Successful projects will hopefully be integrated into the main Composite repo! Please ask questions about each of these on Piazza. You want to assess which are the most interesting to you, so ask questions to help with that.

Paper schedule (TBD)

Please sign up for presentations using the link published on Piazza when it is posted. First come, first serve.

Grading

Grades will be assigned using the following breakdown:
  • 15%: Project - interim report and presentation
  • 20%: Project - final report and presentation
  • 20%: Project - code quality and functionality
  • 15%: Presentations - research paper presentation
  • 15%: Paper summaries - Sufficient, yet concise summary of research papers throughout the class
  • 15%: Participation - You must participate in class. You will get these points mainly for that participation, but also for participating on Piazza.

You cannot get credit for any component of the class if you hand it in late.

Academic Honesty

Just as you can do a google search for code online, it is trivial for us to do the same. We have caught numerous people cheating in the past in this way. If you feel pressured about an assignment, please come see me instead of cheating.

You are not allowed to collaborate on the homeworks and the lab assignments. The group projects require collaboration amidst each group, but no collaboration between teams is permitted. Clearly, you cannot share the contents of your paper summaries with each other, though you can discuss papers. Please refer to the academic integrity policy linked from the course web page. This policy will be strictly enforced. If you're having significant trouble with an assignment, please contact me.

Additional Material

If you're interested in Composite, the OS we are developing here at GW, don't hesitate to contact me.

In addition to the contents of the class, what follows is a list of resources that will allow you to go beyond what you've learned. This material is not mandatory for the class and is meant to give you a springboard if you wish to pursue the ideas further. Many of these are blog posts or articles for easy reading. However, because of the informal format, please take the contents with a grain of salt. I can point you to more thorough content if you want it.
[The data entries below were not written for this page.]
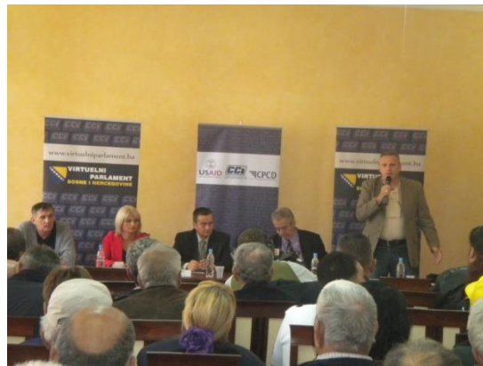
Javna tribina u Drvaru, oktobar 2013.

Sve javne tribine snimljene su od strane TV ekipe CCI-a, a snimljeni materijal se koristio za izradu TV emisija u trajanju od 30 minuta, koje je emitovao javni servis BHT.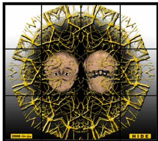
Гилберт и Джордж. HIDE, 2008. Галерея Albert Baronian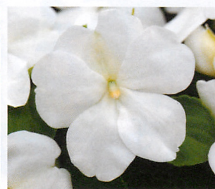
インプレザ ホワイト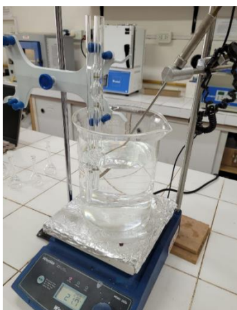
Figura 1. Sistema para la medición de \eta : viscosímetro Ubbelohde 1C en baño de agua. Resultados

El uso del viscosímetro se hizo bajo los lineamientos de la norma ASTM D 446-04. Se emplearon dos PLA comerciales, cloroformo como solvente y temperaturas de trabajo de 25°C y 30°C. Se prepararon 7 soluciones de PLA de concentraciones ( c_i ) 0,0; 0,1; 0,3; 0,5; 0,7; 1,0 y 2,0 g/dl según lo recomendado por Peñaranda et al. (2016). Nótese que se observó dificultad en la disolución del PLA 2500 HP posiblemente debido a su mayor grado de cristalinidad. El viscosímetro y las soluciones se llevaron a la temperatura de trabajo durante al menos 30 minutos (Fig. 1) antes de efectuar las mediciones en orden creciente de concentración. El viscosímetro se cargó con la solución y se cronometró el tiempo de elución ( t_i ). Cada medición se realizó cinco veces y se calculó el valor promedio ( \bar{t}_i ).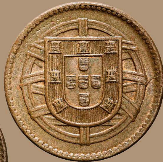
Seis exemplares conhecidos Six known specimens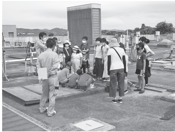
下水道展 施設見学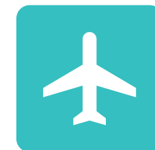
Hostelería y Turismo

If you find an website/article/tool that you think is worthy of being in this list, let me know.

Websites geared toward systems topics (or that have subsections on systems):

  • Linux Weekly News: Free content is that which is at least a week old (see the Archives).
  • Two brilliant classes on microkernel construction.
  • Arstechnica: geek news, often with a high-level overview of systems/architectural topics.
  • OKLabs videos. A microkernel company. Specifically, see the series titled, "Advanced OS with Gernot Heiser".
  • OSDev Wiki: the resource on practical OS construction and hardware manipulation.
  • Agner's blog: What's happening in those processors of ours? See more architecture discussions at real world tech.
  • From low-level embedded system hacking, to robotics, to hacking! Hackaday!
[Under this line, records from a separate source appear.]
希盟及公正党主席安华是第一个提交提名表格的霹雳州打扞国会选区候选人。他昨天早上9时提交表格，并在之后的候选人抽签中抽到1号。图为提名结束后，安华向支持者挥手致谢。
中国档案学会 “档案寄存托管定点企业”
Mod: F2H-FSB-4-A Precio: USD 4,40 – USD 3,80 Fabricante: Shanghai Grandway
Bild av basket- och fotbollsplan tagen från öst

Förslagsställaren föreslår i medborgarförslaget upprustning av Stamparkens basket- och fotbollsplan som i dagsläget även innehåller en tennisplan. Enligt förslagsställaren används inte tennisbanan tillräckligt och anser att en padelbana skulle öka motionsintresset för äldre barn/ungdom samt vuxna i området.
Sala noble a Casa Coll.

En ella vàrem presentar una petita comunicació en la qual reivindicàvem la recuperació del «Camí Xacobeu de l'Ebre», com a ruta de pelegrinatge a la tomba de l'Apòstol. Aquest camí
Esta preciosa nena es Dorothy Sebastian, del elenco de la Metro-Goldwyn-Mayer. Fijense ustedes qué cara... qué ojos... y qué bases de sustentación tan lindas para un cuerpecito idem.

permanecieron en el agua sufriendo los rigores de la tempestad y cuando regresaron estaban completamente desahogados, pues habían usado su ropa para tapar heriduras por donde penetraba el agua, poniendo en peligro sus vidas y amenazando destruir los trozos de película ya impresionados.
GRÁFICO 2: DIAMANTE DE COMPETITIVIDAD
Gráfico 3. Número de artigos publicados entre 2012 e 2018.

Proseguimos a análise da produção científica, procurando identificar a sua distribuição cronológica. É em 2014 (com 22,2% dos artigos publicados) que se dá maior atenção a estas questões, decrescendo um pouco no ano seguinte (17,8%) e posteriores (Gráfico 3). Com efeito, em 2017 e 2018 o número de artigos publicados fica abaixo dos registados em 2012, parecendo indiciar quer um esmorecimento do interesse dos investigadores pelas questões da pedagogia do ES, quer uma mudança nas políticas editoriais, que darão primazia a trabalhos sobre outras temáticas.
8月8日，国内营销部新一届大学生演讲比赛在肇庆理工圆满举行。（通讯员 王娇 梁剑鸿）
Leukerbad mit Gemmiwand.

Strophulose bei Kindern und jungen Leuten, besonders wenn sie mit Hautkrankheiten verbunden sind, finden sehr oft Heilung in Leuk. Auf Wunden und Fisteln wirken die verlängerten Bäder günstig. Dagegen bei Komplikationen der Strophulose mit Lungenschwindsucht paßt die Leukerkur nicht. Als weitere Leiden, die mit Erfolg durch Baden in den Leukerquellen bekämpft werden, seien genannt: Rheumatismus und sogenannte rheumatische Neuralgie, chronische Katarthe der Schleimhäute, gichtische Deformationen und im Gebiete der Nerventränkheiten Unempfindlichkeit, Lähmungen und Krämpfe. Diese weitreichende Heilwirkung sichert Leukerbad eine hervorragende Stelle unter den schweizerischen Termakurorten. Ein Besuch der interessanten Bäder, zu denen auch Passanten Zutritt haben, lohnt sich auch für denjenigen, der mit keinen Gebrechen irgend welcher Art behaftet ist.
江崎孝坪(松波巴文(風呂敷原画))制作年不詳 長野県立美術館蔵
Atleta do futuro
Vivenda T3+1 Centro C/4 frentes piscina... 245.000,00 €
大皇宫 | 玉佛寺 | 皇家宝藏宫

Blogs and articles (remember that these are not authoritative sources!):

Really. cool. tools:

  • DynamoRIO: Because it rocks to modify a program as it's executing.
  • SQLite: a small, well written, data-base. Use it, read it, and be merry.
  • Lua: a tiny language with a runtime of about 10K LOC. If you want to know what a language does under the wraps, here's a good place to find out (just ignore some of the syntax oddities).
  • Valgrind: Ever wonder what your program's been doing in its spare time? This will tell you. Required for debugging large C/C++ programs.
  • LLVM: A beautiful compiler backend. If you want to write a language, this will make your life so much easier.
  • FUSE: Want to write a file-system, but aren't sure about all of that kernel programming? And what if you need to use high-level libraries? No problem; do it is user-space!
  • Daikon: Because who doesn't want to use machine learning to infer their own program's behavior?
  • More powerful link-time optimization!
  • A great C library for simple machine learning operations such as classification.